C. diff kills thousands of people every year, but scientists think they've found a way to battle it head on.
A groundbreaking new discovery could potentially save thousands of lives, but the new treatment is definitely a little gross.
Scientists think that a stool transplant could help fight a condition called ulcerative colitis caused by the Clostridium difficile bacteria, or C. diff. Colitis caused by C. diff is a very unpleasant disease in the gut that results in flu-like symptoms and inflammatory bowel problems. It affects 700,000 people, and results in an estimated 29,000 deaths each year.

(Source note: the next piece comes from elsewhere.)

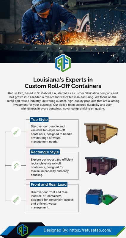 Refuse Fab is a trusted leader in manufacturing top-quality, customizable roll-off containers and waste bins. Originally starting as a custom fabrication company, Refuse Fab now specializes in serving the scrap and refuse industry with durable, high-performance solutions. Their containers are built tough to meet industry demands, offering long-lasting value and reliability. With a strong commitment to quality craftsmanship and customer satisfaction, Refuse Fab delivers waste management products tailored to your specific business needs. Get a quote today and experience unmatched durability and service.

Scientists said the new results indicate that transferring fecal matter from healthy donors into patients — basically, borrowing somebody else’s poop — will alter the composition of gut bacteria and therefore prevent one of the drivers of ulcerative colitis, according to a Digestive Disease Week statement.
Stool treatments are typically only used for extremely virulent strains of C. diff that are often life-threatening.
Scientists examined 81 patients with the disease who had been resistant to standard treatments. Forty-one of them received repeated fecal transplants over eight weeks, with the rest getting a placebo.
After eight weeks, 27 percent of the patients who got stool transplants achieved the goal set by the study of no ulcerative colitis symptoms, whereas just 8 percent — 3 patients — in the placebo group reported the same.